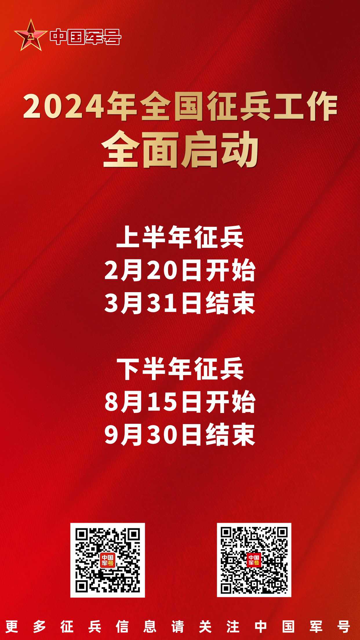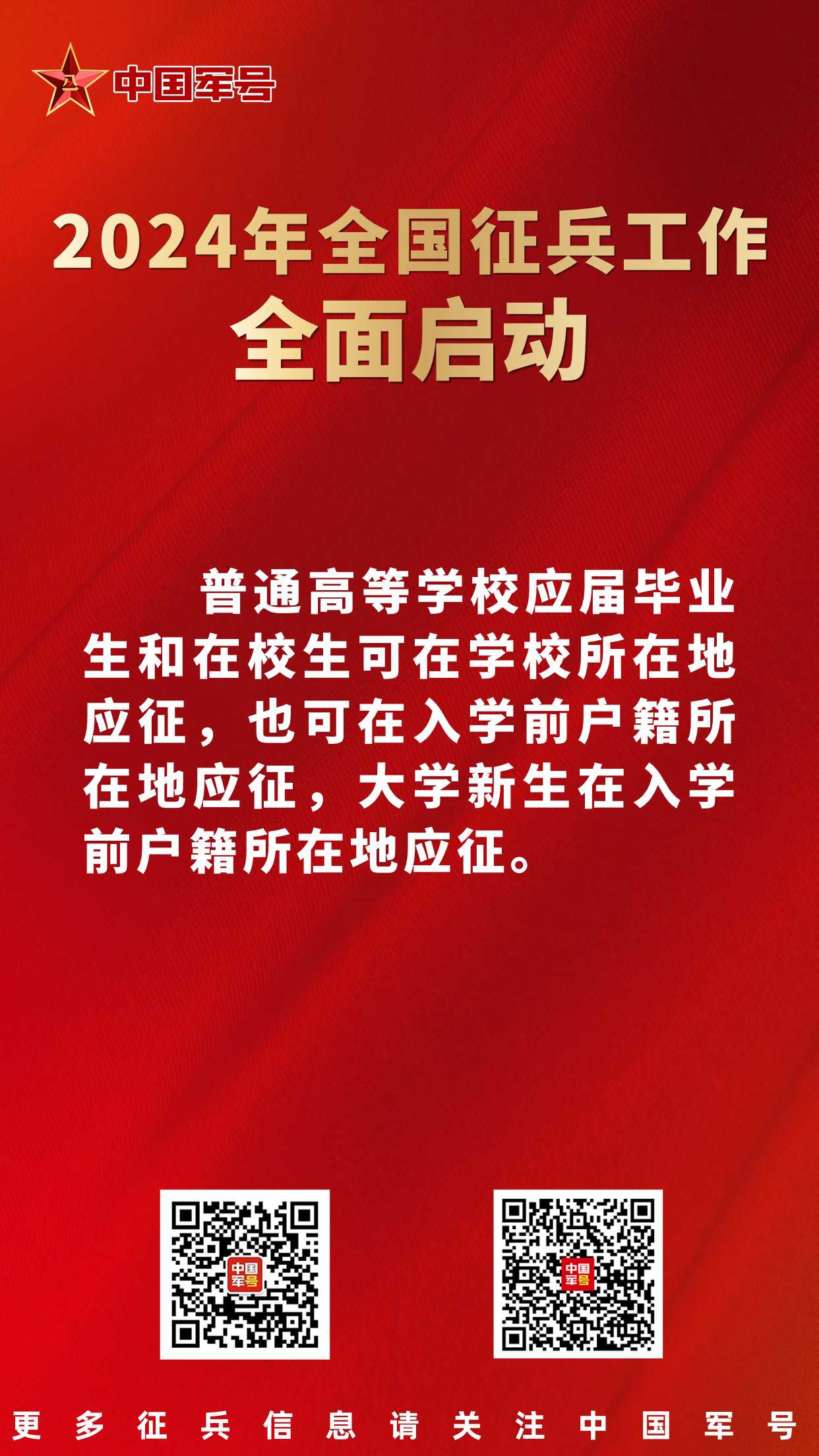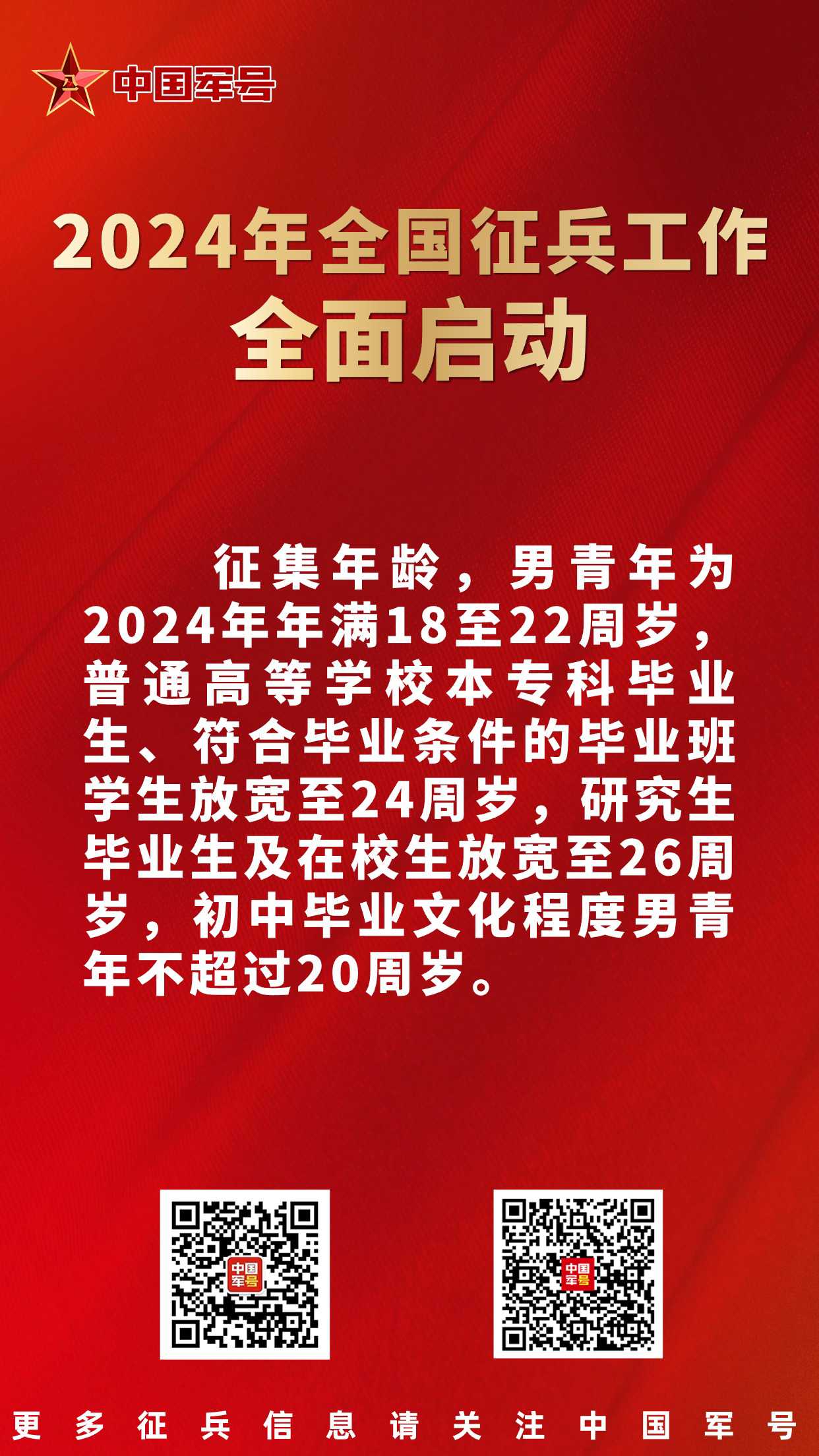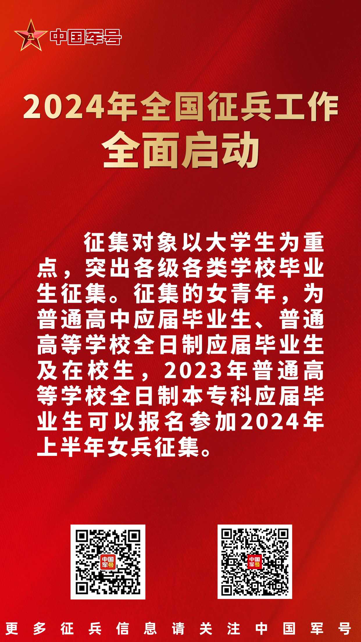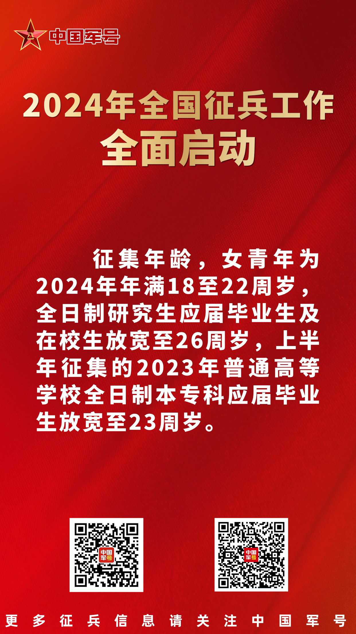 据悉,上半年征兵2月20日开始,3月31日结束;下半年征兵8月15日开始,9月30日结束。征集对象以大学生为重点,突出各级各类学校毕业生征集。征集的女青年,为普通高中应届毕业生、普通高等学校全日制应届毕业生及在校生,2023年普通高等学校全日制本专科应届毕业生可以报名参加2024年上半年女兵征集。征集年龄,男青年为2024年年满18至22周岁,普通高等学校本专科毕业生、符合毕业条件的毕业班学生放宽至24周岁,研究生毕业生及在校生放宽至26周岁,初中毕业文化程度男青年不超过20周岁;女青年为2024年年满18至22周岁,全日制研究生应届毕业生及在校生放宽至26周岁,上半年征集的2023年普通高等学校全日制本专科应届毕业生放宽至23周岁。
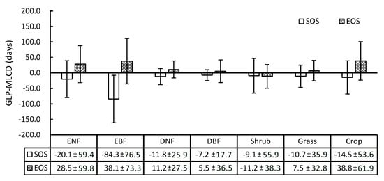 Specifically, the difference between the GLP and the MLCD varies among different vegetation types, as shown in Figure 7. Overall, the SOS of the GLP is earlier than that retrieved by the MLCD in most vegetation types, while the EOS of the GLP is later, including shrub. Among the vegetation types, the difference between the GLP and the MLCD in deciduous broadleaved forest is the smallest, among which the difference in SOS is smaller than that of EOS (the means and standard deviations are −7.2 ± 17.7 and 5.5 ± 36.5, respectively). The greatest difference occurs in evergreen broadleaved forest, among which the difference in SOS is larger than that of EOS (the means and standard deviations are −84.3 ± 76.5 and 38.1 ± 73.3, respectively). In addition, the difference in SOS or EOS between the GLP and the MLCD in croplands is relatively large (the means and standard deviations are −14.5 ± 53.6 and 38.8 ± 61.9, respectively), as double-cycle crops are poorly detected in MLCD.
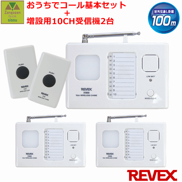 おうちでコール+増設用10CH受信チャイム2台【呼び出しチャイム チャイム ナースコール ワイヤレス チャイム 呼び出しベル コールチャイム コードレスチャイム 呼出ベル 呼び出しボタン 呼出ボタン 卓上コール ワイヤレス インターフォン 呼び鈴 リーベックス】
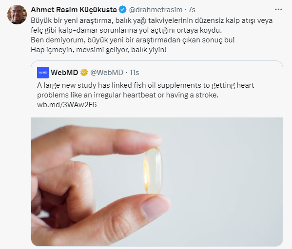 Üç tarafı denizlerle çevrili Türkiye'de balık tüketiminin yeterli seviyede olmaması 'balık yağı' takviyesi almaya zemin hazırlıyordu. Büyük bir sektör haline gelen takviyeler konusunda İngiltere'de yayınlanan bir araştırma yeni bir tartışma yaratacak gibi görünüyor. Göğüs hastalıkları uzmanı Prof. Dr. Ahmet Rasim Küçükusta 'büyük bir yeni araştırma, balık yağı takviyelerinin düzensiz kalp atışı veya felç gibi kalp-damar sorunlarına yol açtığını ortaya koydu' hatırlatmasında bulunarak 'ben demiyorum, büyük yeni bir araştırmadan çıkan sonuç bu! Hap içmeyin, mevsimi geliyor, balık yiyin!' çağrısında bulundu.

--

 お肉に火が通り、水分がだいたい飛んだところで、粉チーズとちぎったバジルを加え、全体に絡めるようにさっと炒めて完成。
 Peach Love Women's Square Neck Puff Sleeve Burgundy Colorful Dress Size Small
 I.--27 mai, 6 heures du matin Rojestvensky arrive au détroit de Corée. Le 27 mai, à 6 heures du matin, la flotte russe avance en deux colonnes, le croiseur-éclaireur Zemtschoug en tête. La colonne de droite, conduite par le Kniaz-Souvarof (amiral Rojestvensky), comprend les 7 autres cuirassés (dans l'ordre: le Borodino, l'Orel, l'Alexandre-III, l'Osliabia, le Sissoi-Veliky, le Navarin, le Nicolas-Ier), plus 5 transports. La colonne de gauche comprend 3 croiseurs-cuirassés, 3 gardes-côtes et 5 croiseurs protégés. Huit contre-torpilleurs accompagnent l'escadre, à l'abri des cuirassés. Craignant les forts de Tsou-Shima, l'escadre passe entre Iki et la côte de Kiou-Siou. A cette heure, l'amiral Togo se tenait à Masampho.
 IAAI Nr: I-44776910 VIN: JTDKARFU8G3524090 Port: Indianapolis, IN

[WHAT IS NEEDED] Above are the records; copy from them only the lines starting at the one containing "おうちでコール+増設用10CH受信チャイム2台【呼び出しチャイム チャイム ナースコール" and ending at the one containing "Üç tarafı denizlerle", exactly and without pictures.

[WRITTEN REPLY]
 おうちでコール+増設用10CH受信チャイム2台【呼び出しチャイム チャイム ナースコール ワイヤレス チャイム 呼び出しベル コールチャイム コードレスチャイム 呼出ベル 呼び出しボタン 呼出ボタン 卓上コール ワイヤレス インターフォン 呼び鈴 リーベックス】
 Üç tarafı denizlerle çevrili Türkiye'de balık tüketiminin yeterli seviyede olmaması 'balık yağı' takviyesi almaya zemin hazırlıyordu. Büyük bir sektör haline gelen takviyeler konusunda İngiltere'de yayınlanan bir araştırma yeni bir tartışma yaratacak gibi görünüyor. Göğüs hastalıkları uzmanı Prof. Dr. Ahmet Rasim Küçükusta 'büyük bir yeni araştırma, balık yağı takviyelerinin düzensiz kalp atışı veya felç gibi kalp-damar sorunlarına yol açtığını ortaya koydu' hatırlatmasında bulunarak 'ben demiyorum, büyük yeni bir araştırmadan çıkan sonuç bu! Hap içmeyin, mevsimi geliyor, balık yiyin!' çağrısında bulundu.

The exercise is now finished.